1. RESOLUTION 1 - PLACEMENT BY ISSUE OF SHARES AND ATTACHING OPTIONS TO RELATED PARTY - YANDAL INVESTMENTS PTY LTD

To consider and, if thought fit, to pass, with or without amendment, the following resolution as an ordinary resolution:

"That, for the purposes of Listing Rule 10.11 and for all other purposes, approval is given for the Company to undertake a placement and issue 100,000,000 Shares with 100,000,000 attaching Options to Yandal Investments Pty Ltd (ACN 070 684 810) (or its nominee) on the terms and conditions set out in the Explanatory Statement."

A voting exclusion statement and a voting prohibition statement applies to this Resolution. Please see below.

2. RESOLUTION 2 - APPROVAL TO ISSUE SIGN-ON OPTIONS TO MR GRAEME PURCELL

Note: Approval for the issue of the 1,000,000 Sign-on Options was previously obtained at the Company's 2021 Annual General Meeting (please refer to Section 2.1 of the Explanatory Statement for further information).

To consider and, if thought fit, to pass, with or without amendment, the following resolution as an ordinary resolution:

"That, for the purposes of Listing Rule 10.11 and for all other purposes, approval is given for the Company to issue 1,000,000 Sign-on Options to Mr Graeme Purcell (or his nominee) on the terms and conditions set out in the Explanatory Statement."

A voting exclusion statement and a voting prohibition statement applies to this Resolution. Please see below.

3. RESOLUTION 3 - APPROVAL TO ISSUE SHARES TO MR GRAEME PURCELL

Note: Approval for the issue of the 1,153,846 Shares was previously obtained at the Company's 2021 Annual General Meeting (please refer to Section 2.1 of the Explanatory Statement for further information).
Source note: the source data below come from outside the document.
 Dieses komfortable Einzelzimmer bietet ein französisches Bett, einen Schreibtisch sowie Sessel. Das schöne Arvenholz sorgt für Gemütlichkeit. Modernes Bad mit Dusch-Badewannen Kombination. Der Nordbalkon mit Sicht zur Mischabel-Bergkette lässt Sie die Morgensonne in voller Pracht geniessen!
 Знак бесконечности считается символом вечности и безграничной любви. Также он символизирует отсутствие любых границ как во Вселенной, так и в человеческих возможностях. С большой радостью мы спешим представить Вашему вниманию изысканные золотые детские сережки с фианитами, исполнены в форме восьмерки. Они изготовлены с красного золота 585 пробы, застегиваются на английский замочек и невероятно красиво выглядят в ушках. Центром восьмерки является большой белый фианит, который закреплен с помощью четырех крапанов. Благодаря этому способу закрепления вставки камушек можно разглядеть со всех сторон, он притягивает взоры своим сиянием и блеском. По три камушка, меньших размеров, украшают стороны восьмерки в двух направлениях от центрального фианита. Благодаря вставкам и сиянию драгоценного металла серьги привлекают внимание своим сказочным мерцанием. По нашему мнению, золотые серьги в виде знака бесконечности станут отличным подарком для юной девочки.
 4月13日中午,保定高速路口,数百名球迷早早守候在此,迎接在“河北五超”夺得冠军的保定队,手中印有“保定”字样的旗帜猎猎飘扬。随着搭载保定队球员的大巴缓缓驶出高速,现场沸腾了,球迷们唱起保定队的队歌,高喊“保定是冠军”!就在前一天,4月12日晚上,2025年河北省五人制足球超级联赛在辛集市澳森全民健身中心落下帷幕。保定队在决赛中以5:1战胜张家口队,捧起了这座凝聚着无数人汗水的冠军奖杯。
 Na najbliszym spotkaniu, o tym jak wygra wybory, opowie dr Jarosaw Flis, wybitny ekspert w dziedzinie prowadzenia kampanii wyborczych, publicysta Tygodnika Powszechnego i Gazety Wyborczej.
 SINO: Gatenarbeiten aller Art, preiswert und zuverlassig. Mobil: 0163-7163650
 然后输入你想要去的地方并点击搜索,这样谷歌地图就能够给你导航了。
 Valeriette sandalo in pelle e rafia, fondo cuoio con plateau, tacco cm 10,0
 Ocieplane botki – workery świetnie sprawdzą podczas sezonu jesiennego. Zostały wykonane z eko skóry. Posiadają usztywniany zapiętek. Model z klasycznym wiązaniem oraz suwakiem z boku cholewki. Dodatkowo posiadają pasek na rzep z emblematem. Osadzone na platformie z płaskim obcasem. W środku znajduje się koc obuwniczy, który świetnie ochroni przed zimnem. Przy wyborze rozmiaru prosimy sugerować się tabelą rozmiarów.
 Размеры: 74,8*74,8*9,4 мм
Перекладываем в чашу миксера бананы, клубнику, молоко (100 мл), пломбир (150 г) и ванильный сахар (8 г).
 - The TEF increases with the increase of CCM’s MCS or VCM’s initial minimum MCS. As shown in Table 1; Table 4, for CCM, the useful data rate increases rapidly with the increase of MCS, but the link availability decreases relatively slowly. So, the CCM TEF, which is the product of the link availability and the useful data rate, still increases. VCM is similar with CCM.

To consider and, if thought fit, to pass, with or without amendment, the following resolution as an ordinary resolution:

"That, for the purposes of Listing Rule 10.11 and for all other purposes, approval is given for the Company to issue 1,153,846 Shares to Mr Graeme Purcell (or his nominee) on the terms and conditions set out in the Explanatory Statement."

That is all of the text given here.